It's well-known around here that agent-like systems trained to optimize a given objective can exhibit behavior unexpected by the agent's creators. It is also known that systems trained to optimize one objective can end up optimizing for another, because optimization can spawn sub-agents with different objectives. Here I present another type of unexpected optimization: in realistic settings, systems that are trained purely for prediction can end up behaving like agents.

Here's how it works. Say we are training a predictive model on video input. Our system is connected to a video camera in some rich environment, such as an AI lab. It receives inputs from this camera, and outputs a probability distribution over future inputs(using something like a VAE, for instance). We train it to minimize the divergence between its predictions and the actual future inputs, exponentially decaying the loss for inputs farther in the future.

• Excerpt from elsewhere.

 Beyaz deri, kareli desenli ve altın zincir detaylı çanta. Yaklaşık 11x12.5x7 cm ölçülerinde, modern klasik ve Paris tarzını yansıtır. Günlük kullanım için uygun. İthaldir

Because the predictor is embedded in the environment, its predictions are not just predictions; they affect the future dynamics of the environment. For example, if the predictor is very powerful, the AI researchers could use it to predict how a given research direction or hiring decision will turn out, by conditioning the model on making that decision. Then their future actions will depend on what the model predicts.

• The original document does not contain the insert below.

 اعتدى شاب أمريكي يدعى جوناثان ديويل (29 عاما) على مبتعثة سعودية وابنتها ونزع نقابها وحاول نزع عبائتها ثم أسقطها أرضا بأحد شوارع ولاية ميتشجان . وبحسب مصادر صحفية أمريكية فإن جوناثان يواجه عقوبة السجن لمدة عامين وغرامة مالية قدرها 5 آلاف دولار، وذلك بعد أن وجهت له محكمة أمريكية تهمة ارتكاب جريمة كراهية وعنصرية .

If the AI system is powerful enough, it will learn this; its model of the environment will include its own predictions. For it to obtain an accurate prediction, it must output a fixed-point: a prediction about future inputs which, when instantiated in the environment, causes that very prediction to come about. The theory of reflective oracles implies that such (randomized) fixed points must exist; if our model is powerful enough, it will be able to find them.

The capacity for agency arises because, in a complex environment, there will be multiple possible fixed-points. It's quite likely that these fixed-points will differ in how the predictor is scored, either due to inherent randomness, logical uncertainty, or computational intractability(predictors could be powerfully superhuman while still being logically uncertain and computationally limited). Then the predictor will output the fixed-point on which it scores the best.

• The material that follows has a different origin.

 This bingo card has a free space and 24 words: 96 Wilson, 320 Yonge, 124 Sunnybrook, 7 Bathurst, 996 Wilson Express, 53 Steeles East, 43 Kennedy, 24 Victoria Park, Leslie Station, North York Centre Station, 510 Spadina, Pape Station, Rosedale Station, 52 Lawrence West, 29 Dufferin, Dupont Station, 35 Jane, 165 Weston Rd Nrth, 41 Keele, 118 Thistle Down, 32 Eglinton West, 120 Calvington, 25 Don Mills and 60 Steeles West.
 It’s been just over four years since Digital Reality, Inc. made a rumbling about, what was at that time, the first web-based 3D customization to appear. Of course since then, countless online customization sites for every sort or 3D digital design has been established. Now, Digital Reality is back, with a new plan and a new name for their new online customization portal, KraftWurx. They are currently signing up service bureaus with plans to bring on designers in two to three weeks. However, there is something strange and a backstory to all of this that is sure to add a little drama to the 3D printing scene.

As a simple example, imagine a dispute between two coworkers, Alice and Bob, in the AI lab; each suspects the other of plotting against them. If Bob is paranoid, he could check the predictions of the AI system to see what Alice will do. If the AI system predicts that Alice will publicly denounce Bob, this could confirm his suspicions and cause him to spread rumors about Alice, leading her to publicly denounce him. Or, if the AI system predicts that Alice will support Bob on a key issue, Bob could conclude he was wrong all along and try to reconcile with Alice, leading her to support him on a key issue. The AI system will prefer to output whichever branch of the prediction is simpler to predict.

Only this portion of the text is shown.